PROBLEM DETAILS: Reproduce the listing below exactly. Pictures do not belong in the copy.

RECORDED INFORMATION:
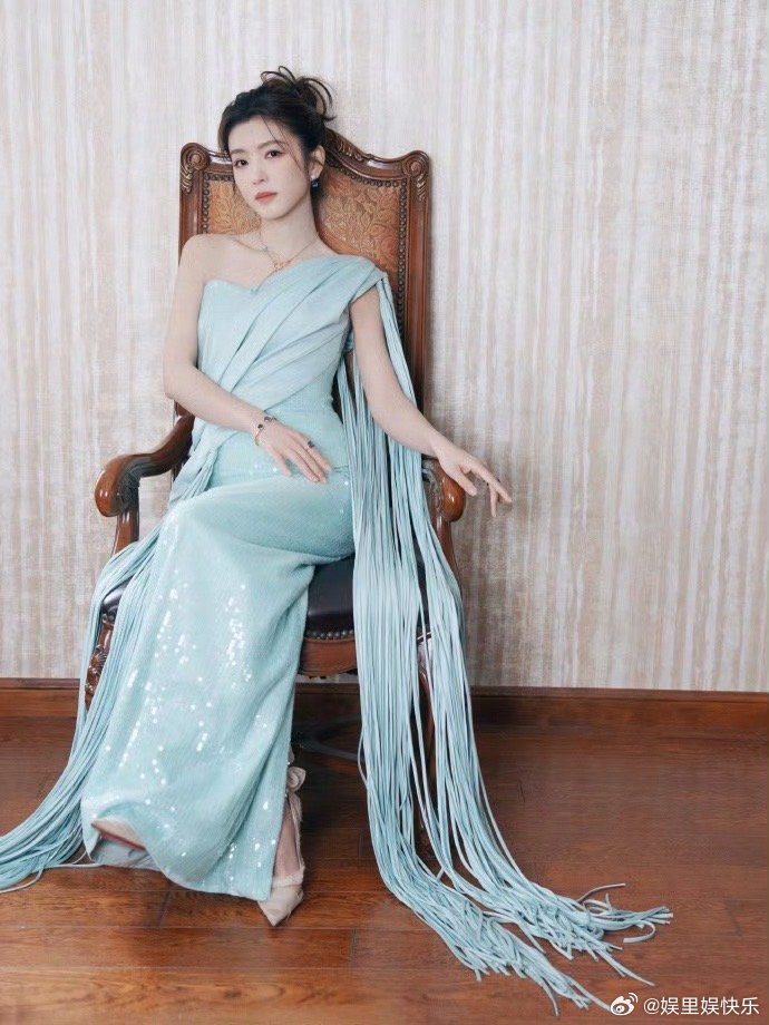 李云霄东方美人 亮片流苏为她添星光,斜肩裙衬出东方美人的风骨,清爽秀雅又大气,温
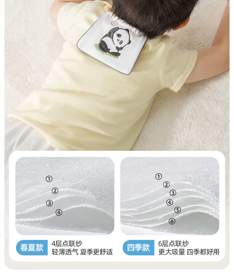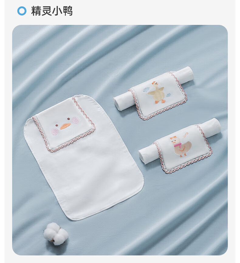 贝肽斯儿童吸汗巾婴幼儿a类纯棉幼儿园专用隔汗巾透气大号垫背巾 精灵小鸭 3条装 【轻薄4层-导湿排汗】 S码【28*19cm】建议0-1岁
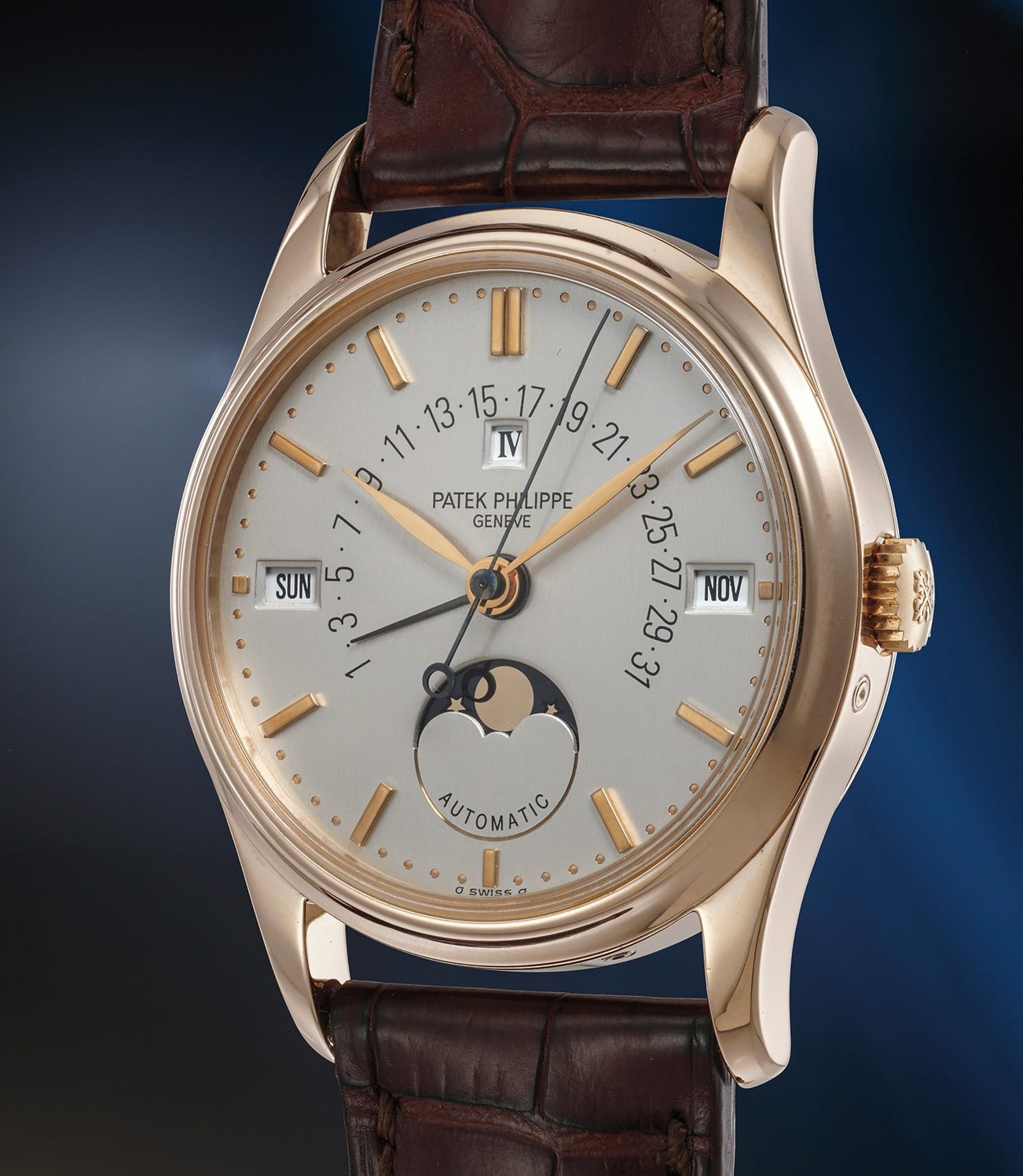 百達翡麗,優雅罕有,玫瑰金萬年曆腕錶,備中心秒針、逆返日曆、月相、閏年顯示。附備用後底蓋、錶盒
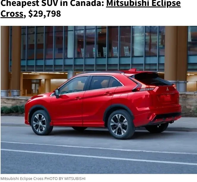 最便宜SUV为 Mitsubishi Eclipse Cross,起价29,798加元,是目前唯一低于3万加元的紧凑型SUV。标配四驱系统和1.5T发动机(152马力),配置和通过性较均衡。

EXERCISE OUTPUT:
 李云霄东方美人 亮片流苏为她添星光,斜肩裙衬出东方美人的风骨,清爽秀雅又大气,温
 贝肽斯儿童吸汗巾婴幼儿a类纯棉幼儿园专用隔汗巾透气大号垫背巾 精灵小鸭 3条装 【轻薄4层-导湿排汗】 S码【28*19cm】建议0-1岁
 百達翡麗,優雅罕有,玫瑰金萬年曆腕錶,備中心秒針、逆返日曆、月相、閏年顯示。附備用後底蓋、錶盒
 最便宜SUV为 Mitsubishi Eclipse Cross,起价29,798加元,是目前唯一低于3万加元的紧凑型SUV。标配四驱系统和1.5T发动机(152马力),配置和通过性较均衡。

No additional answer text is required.